Beim Namen Peter Elmond glaubte ich in Gerlachs Augen für den Bruchteil einer Sekunde etwas von der Wachsamkeit zu entdecken, die mehr als nur höfliches Interesse signalisiert. Man hätte darüber streiten können. Frauen pflegen die Augen für einen Moment leicht aufzureißen, wenn ihnen etwas von Belang (gewöhnlich ein Kerl) in die Quere kommt. Doch ein Mann wie Gerlach verstand es besser, seine Pupillen unter Kontrolle zu halten.
"Aber um ihn beerben zu können, muss man Robert Elmond erst einmal für tot erklären", sagte ich. "Und das geht kaum ohne einen ordentlichen Totenschein."
"Wahrscheinlich möchte sein Sohn lieber nicht in die Schlagzeilen kommen."
"Wegen des Mädchens?“, fragte ich.
"Welches Mädchen?"
"Rosa Vanessa. Die Frau, mit der sein Vater hier zusammengelebt hat."
"Peter Elmond ist Politiker. Die Presse kann einen Mann fertigmachen, selbst wenn er zufällig nichts weiter als der Sohn eines Ermordeten ist."
"Kannte Peter Elmond die Geliebte seines Vaters?"
Gerlach lächelte mich so kalt und ausdruckslos an, als habe er die Eingeweide einer gut geölten Maschine. "Wir wissen nicht, ob sie überhaupt seine Geliebte war, ich selbst habe nur von geschäftlichen Beziehungen gehört. Mag sein, dass sein Sohn ihr irgendwann in diesem Haus begegnet ist, das kann ich nicht mit letzter Gewissheit sagen."
"Und was waren das für geschäftliche Beziehungen?"
"Sie soll Robert dazu überredet haben wollen, einen Vergnügungsklub im Stadtzentrum zu kaufen, um dort Geschäftsführerin zu werden."
"Das Eduardo?
"Ja, ich glaube, so hieß der Klub."
"Und Sie wissen nicht, wer der wirkliche Besitzer des Eduardos ist, nehme ich an?"
"Nein, sollte ich?"
Ich trank einen Schluck von dem Gin mit Wasser, den er mir gegeben hatte, in der Hoffnung, dass es genau das war, was ich schon früher getrunken hatte, und nichts, was mich, den Kopf nach unten, in einer Sickergrube oder einem Kanalschacht erwachen lassen würde (falls ich dann überhaupt noch einmal aufwachte). Aber es schmeckte wie ganz gewöhnlicher verdünnter Gin und hatte auch die gleiche Wirkung.
"Wenn ich ehrlich sein soll, Gerlach", sagte ich, "dann überrascht mich ein wenig die Bereitwilligkeit, mit der Sie Linda und mir Auskunft geben. Wir kommen hier als wildfremde Menschen hereingeschneit – Linda hat Ihnen, glaube ich, gesagt, dass sie Journalistin ist und für eine Story recherchiert –, und ich selbst bin Privatdetektiv. Das ist auch kein Beruf, bei dem die Leute vor Begeisterung ins Erzählen kommen ..."
"Im Ernst, das überrascht Sie?"
"Ziemlich, ja."
Er musterte mich ungerührt. Die Leichtigkeit, mit der er auf meinen Vorstoß reagierte, nötigte mir Respekt ab. Diese Politikergesichter im Fernsehen, die sich selbst in Großaufnahme bei einer verfänglichen Frage nicht mal durch das Zucken eines Augenlids verraten, haben für ihre Machiavelli-Gesinnung ein Maß an Körperbeherrschung erreicht, das selbst einem trainierten indischen Yogi zur Ehre gereichen würde.

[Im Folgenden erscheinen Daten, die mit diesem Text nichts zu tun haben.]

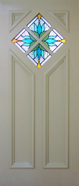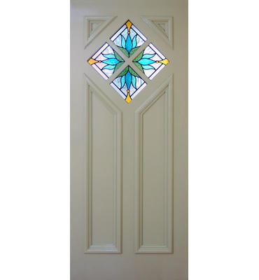 The glazing shown in the photo (flower design with geometric pattern) is available in both single and encapsulated glass options. If you wish for this feature pattern to be supplied with your door, please select it from the "Glazing" dropdown box above.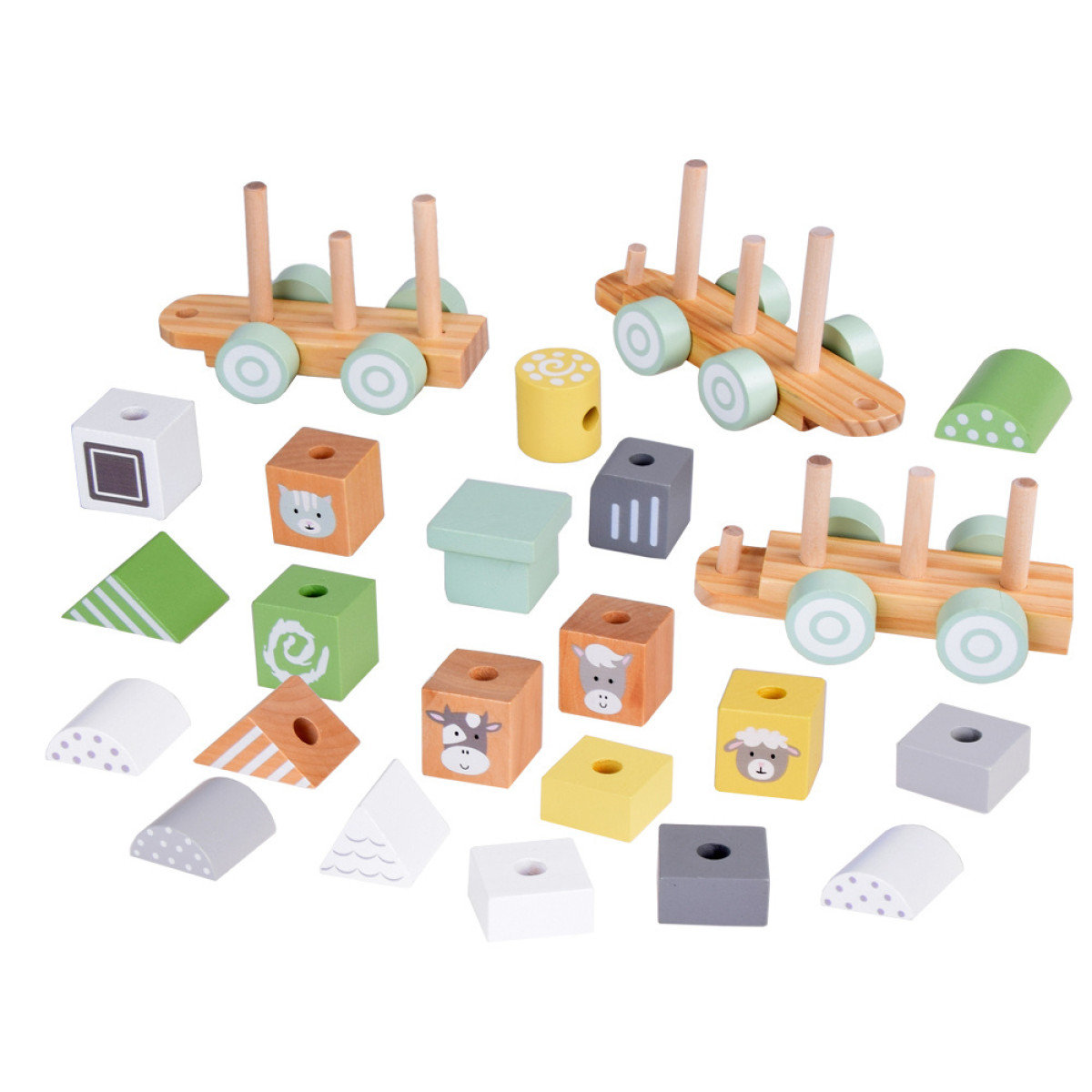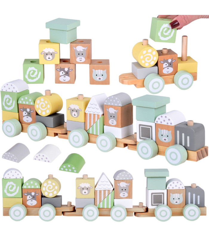 See suurepärane mänguasi lastele koosneb 23 elemendist. Valmistatud ohututest, looduslikest materjalidest, mis on siledalt lihvitud ja kaetud mittetoksiliste värvidega, tagades kõrgeima turvalisuse standardi. Komplekt sisaldab kolm liikuvat vagunit, mida saab vabalt ühendada ja lahti võtta, ning mitmekesised klotsid igas vagunis võimaldavad loovat mängu.

"Es gehört schon lange zu meinen Prinzipien, im Umgang mit Menschen nicht nur an die eigene Bequemlichkeit und die eigenen Interessen zu denken. Etwas mehr Zuvorkommendheit und Höflichkeit stände uns allen gut an."

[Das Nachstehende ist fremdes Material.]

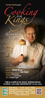 A review by New York Theater Wire said: 'Kelly's performance is as tart as a lemon, as sweet as chocolate, as savory as a thick stew. And finally, it is as satisfying as a banquet. From early childhood most people learn to equate food with love. But few take the metaphor to the same extremes as legendary French chef Antonin Careme, whose life story is told in Ian Kelly's one-man-show "Cooking for Kings." Kelly fills his play with tantalizing details and garnishes them with ironic wit and clever wordplay. As a performer, Kelly has boundless energy and tremendous powers of concentration and he makes a technically difficult play look deceptively easy. While Careme, who is actually cooking, grabs bowls, pots and utensils from an overhead rack and chops, stirs and heats, he describes his activities with the zest of Julia Child. And Careme is accomplished at multitasking. He is never at a loss for words. He never loses his train of thought. If Careme's story is fascinating because of the famous people he knew, the tumultuous times he lived in and the many innovations he made in the art of cooking (from the dishes he made to the hat he wore), it is powerful on a more personal level. Kelly portrays the great chef as vain and sarcastic but also vulnerable and ultimately tragic.'
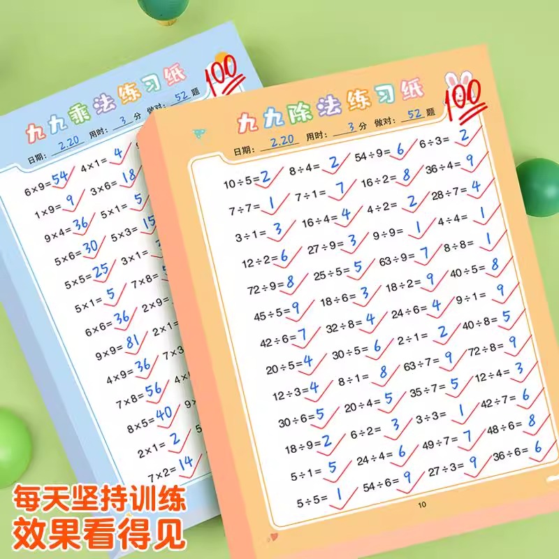 二年级乘除法练习题口算题卡99乘法除法算术题专项训练九九口诀表算数速算题小学生数学乘法除法计算题练习册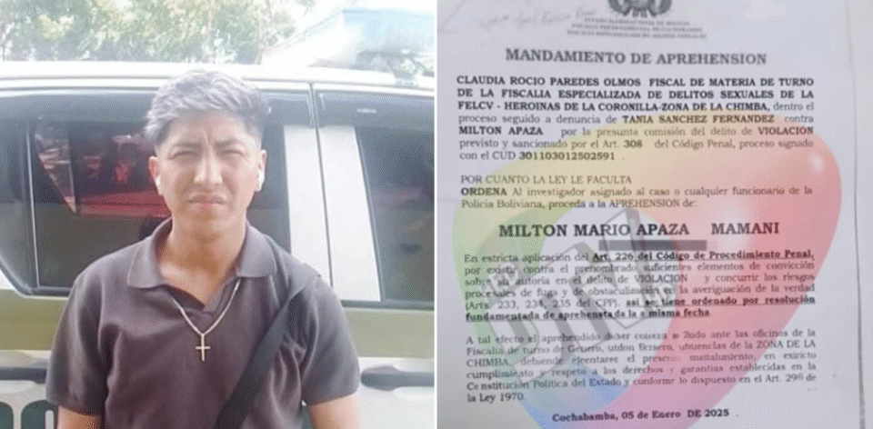 Bolivia, 15 ene 2026 (RED DTV).- La Fiscalía Departamental de Cochabamba emitió un mandamiento de aprehensión contra el tiktoker boliviano Milton Mario Apaza Mamani, investigado por la presunta comisión del delito de violación, tipificado en el artículo 308 del Código Penal, según consta en un documento oficial que comenzó a circular en redes sociales.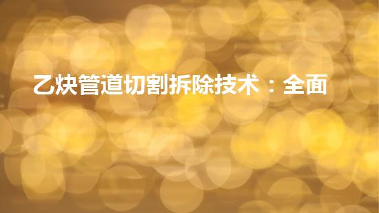 本文将从乙炔管道切割拆除技术出发,全面解析这项重要的技术。乙炔管道切割拆除技术是一种常用的工业拆除技术,其应用范围广泛,涉及到许多行业。通过本文的介绍,读者将了解到该技术的基本原理、应用场景、优点和缺点等方面的内容,更好地理解该技术的实践应用。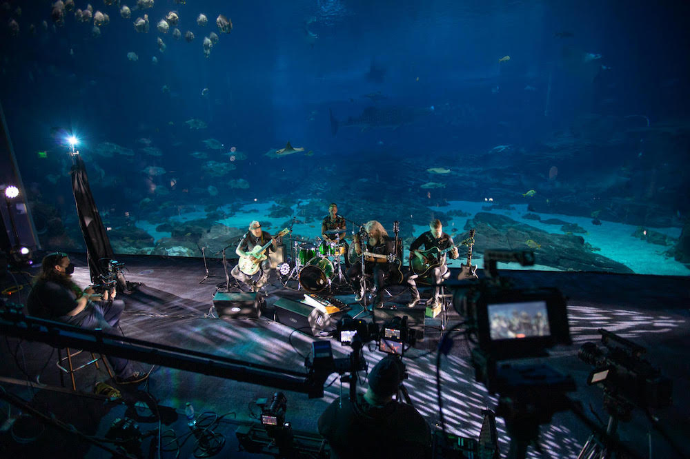 Cela aurait été certainement un tel régal de vivre, en vrai, la représentation de quatre bipèdes au beau milieu des 500 espèces aquatiques évoluant au Georgia Aquarium d’Atlanta : il faut se contenter d’apprécier un MASTODON live sur son écran d’ordinateur ou, au mieux, sur sa télé connectée, car c’est sous forme de séance à domicile en pay-per-view que ce show est proposé.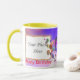 A Birthday photo mug with a bunch of colourful balloons flying up into the sky frame, plus the customizable text "Happy Birthday" on the front and back. Add a photo to the front and a different photo to the back, or have both the same.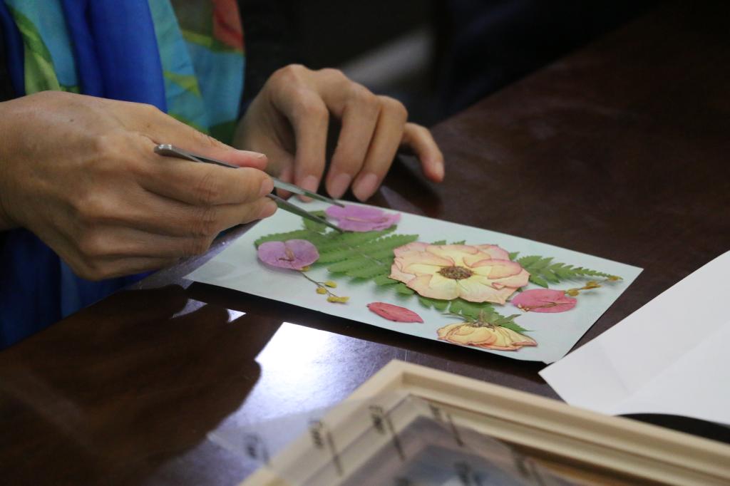 活动现场宁静而充满生机。大家从繁忙的工作中暂时抽离出来,放慢节奏,感受大自然的变迁,宁心静气构思自己的作品,小心翼翼地拈起花枝,拼成永不凋谢的春天,装饰自己的房间,也装点自己的心情。

"Ist das ein Grundsatz Ihrer Politik, Gerlach?"
"Meiner Politik?"
"Sie waren doch mal Parteivorsitzender der Nationalen Vereinigung, einer rechtsradikalen Gruppierung, die man später wegen verfassungsfeindlicher Tendenzen verboten hat."
"Oh, das ist schon lange her."
"Seitdem kümmern Sie sich nur noch darum, Laub zu verbrennen und Elmonds Garten in Ordnung zu halten?"

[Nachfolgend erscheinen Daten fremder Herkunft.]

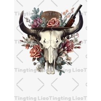 Cow Skulls,Cowboys,Western Style,Hunting Guns,Floral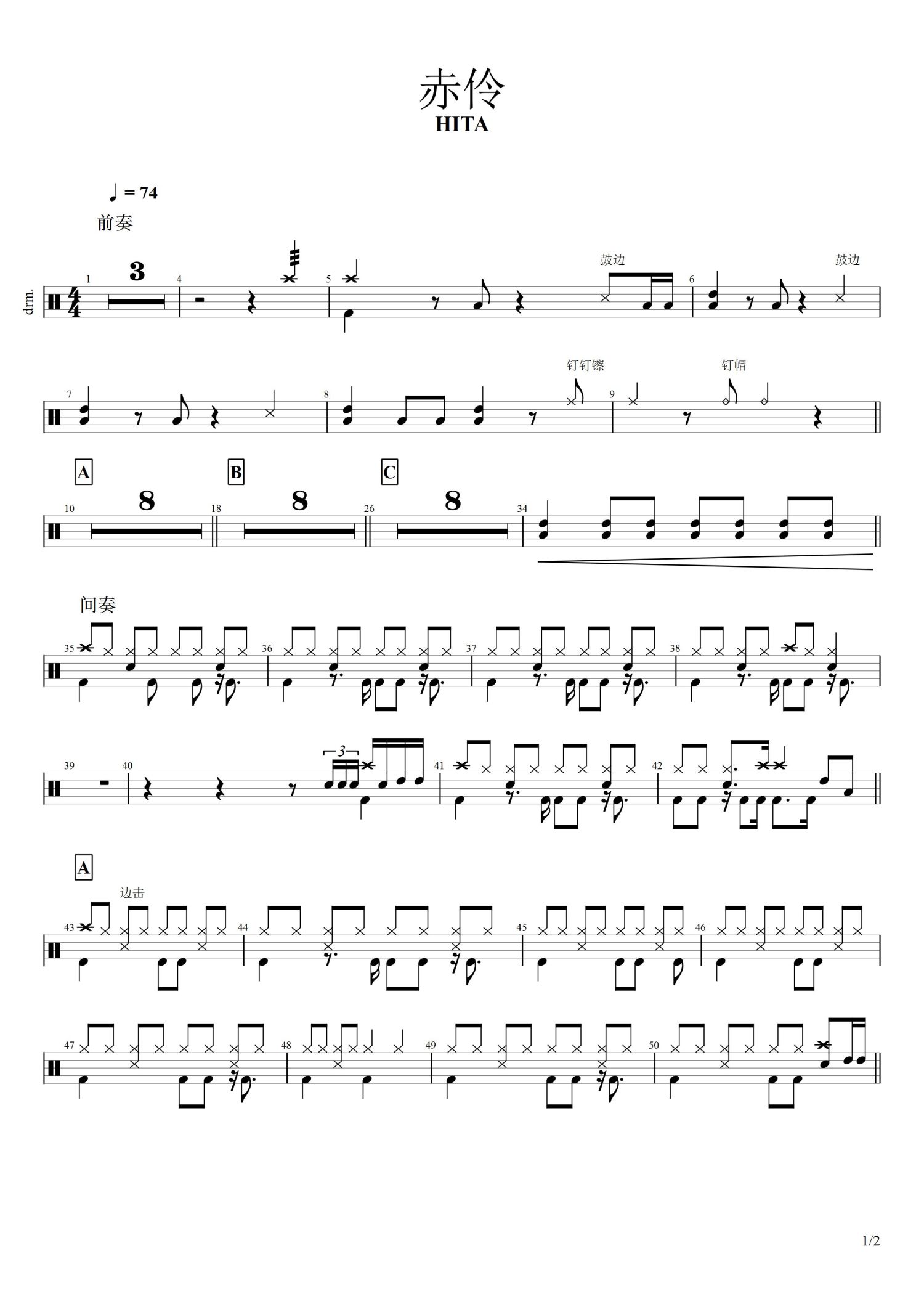 • 赤伶鼓谱 - HITA - 架子鼓谱第1张

Er lächelte mich an, aber seine Augen wirkten jetzt lange nicht mehr so freundlich wie der Rest seines Gesichts.
"Obwohl es eigentlich keinen Grund dafür gibt, mich Ihnen gegenüber zu rechtfertigen", sagte er. "Ich bin kein Krimineller. Ich stehe fest auf dem Boden der Verfassung. Ich habe mich schon seit langem aus der Politik zurückgezogen."